Hard tick cell lines (kindly provided by Timothy Kurtti) I. scapularis (ISE6) and D. andersoni (DAE) were grown in L-15B medium, pH 7.0, containing 5 % tryptose phosphate broth, 10 % FBS and 0.1 % bovine lipoprotein cholesterol concentrate, and maintained at 33 °C in 5 % CO2. African green monkey kidney cells (Vero; ATCC CCL-81) were grown in minimal essential medium (MEM; Gibco) supplemented with 10 % FBS, 2 mM l-glutamine, 1.5 g sodium bicarbonate l−1, 100 U penicillin ml−1 and 100 µg streptomycin ml−1, and maintained at 37 °C in 5 % CO2. A. albopictus cells (C6/36; ATCC CRL-1660) were grown in MEM supplemented with 10 % FBS, 2 mM l-glutamine, 1.5 g sodium bicarbonate l−1, 0.1 mM non-essential amino acids, 100 U penicillin ml−1 and 100 µg streptomycin ml−1, and maintained at 28 °C in 5 % CO2.

SLEV Kern 217.3.1.1 (SLEV WT) was derived from SLEV Kern 217 following three rounds of plaque purification on Vero cells (Ciota et al., 2007b). This strain was isolated originally in 1989 from Culex tarsalis in Kern County, CA, and passaged twice in Vero cells (obtained from Dr William Reisen, University of California at Davis; Kramer & Chandler, 2001).

Virus passaging.

Three lineages each of SLEV WT were derived by 17 (B) or 19 (A and C) serial passages in DAE cells, using a m.o.i. of 0.1 p.f.u. cell–1, based on Vero cell titres, for each passage.
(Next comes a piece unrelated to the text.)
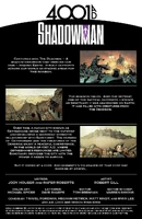 4001 A.D.: Shadowman #1 is one of four tie-ins to Valiant's crossover event 4001 A.D.. It is a self-contained story focusing on the role of the Deadside in the 41st Century of the Valiant Universe. It also features a future incarnation of Shadowman's loa.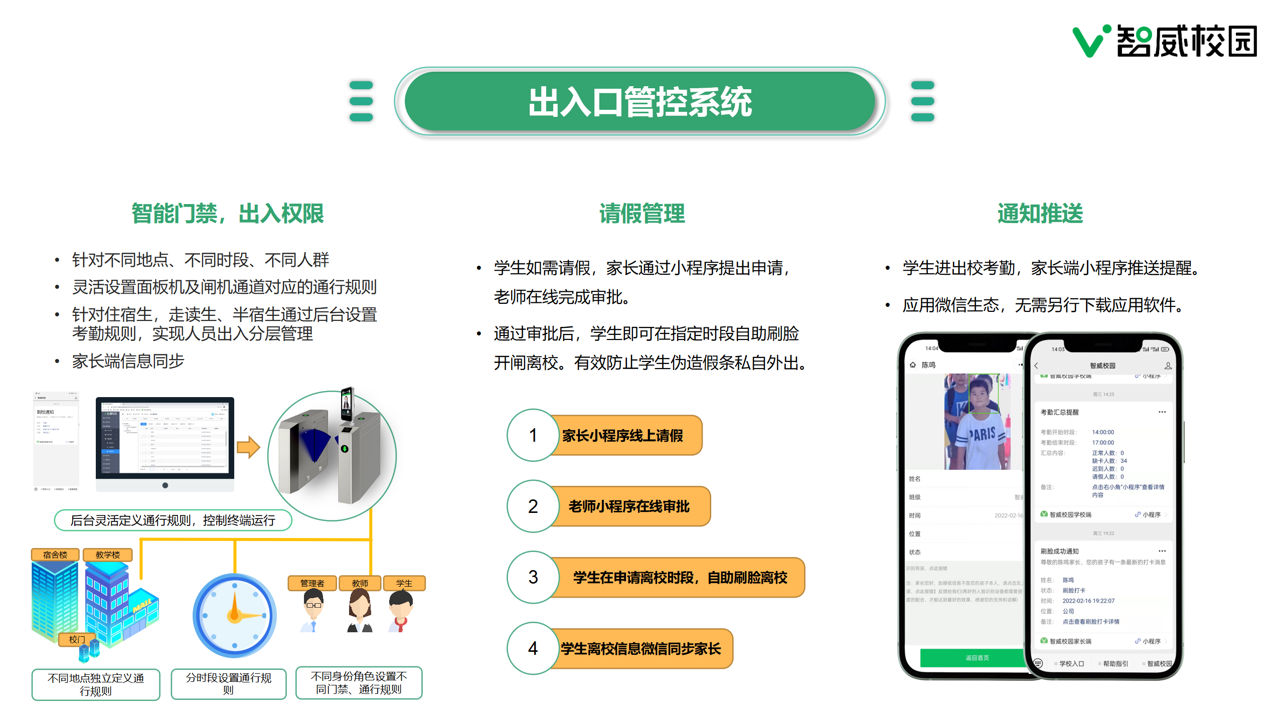 產品詳細介紹智能門禁,出入權限 針對不同地點、不同時段、不同人群 靈活設置面板機及閘機通道對應的通行規則 針對住宿生,走讀生、半宿生通過后臺設置考勤規則,實現人員出入分層管理 家長端信息同步

This m.o.i. represented a population size of ~100 000 p.f.u. initiating each new passage. Virus was adsorbed to tick cell monolayers in 12-well plates for 1 h at 33 °C, with frequent rocking. Following adsorption, the inoculum was removed, cells were gently washed with L-15B media, 2.0 ml L-15B media was added to each well and plates were incubated at 33 °C. Medium from each well was harvested at 144 h p.i. and stored in aliquots at −80 °C. Following each passage, viral titre was quantified by plaque assay on Vero cells (Payne et al., 2006) and diluted to produce an m.o.i. of 0.1 p.f.u. cell–1 for each subsequent passage. In addition, viral RNA was isolated (RNeasy; Qiagen) and quantified by qRT-PCR. Forward primer 5′-CGTGAGTATTGTTACGAAGCAACCT, reverse primer 5′-TCTCCTGTTGTAGGGCACCTT and TaqMan probe 6FAM-ACACGCTGTCAACAG-TGMGBNFQ were used for qRT-PCR assays performed on an ABI Prism 7500 sequence detector, using TaqMan One-Step RT-PCR Master Mix (Applied Biosystems), as described previously (Ciota et al., 2007b; Shi et al., 2001). Infectiousness was determined by quantifying the ratio of RNA to p.f.u. and compared throughout passage using one-way ANOVA (GraphPad Prism, version 5.0).

Clonal populations of SLEV 17A were generated by diluting the passaged virus to ~4 p.f.u. (100 μl)–1 and then inoculating diluted virus onto multiple wells (n = 20) of confluent DAE cells seeded in a 24-well plate. Virus was adsorbed and overlaid as described above. Medium from each well was harvested at 168 h p.i. and stored at −80 °C. Each well was quantified in parallel by plaque assay and qRT-PCR as described above.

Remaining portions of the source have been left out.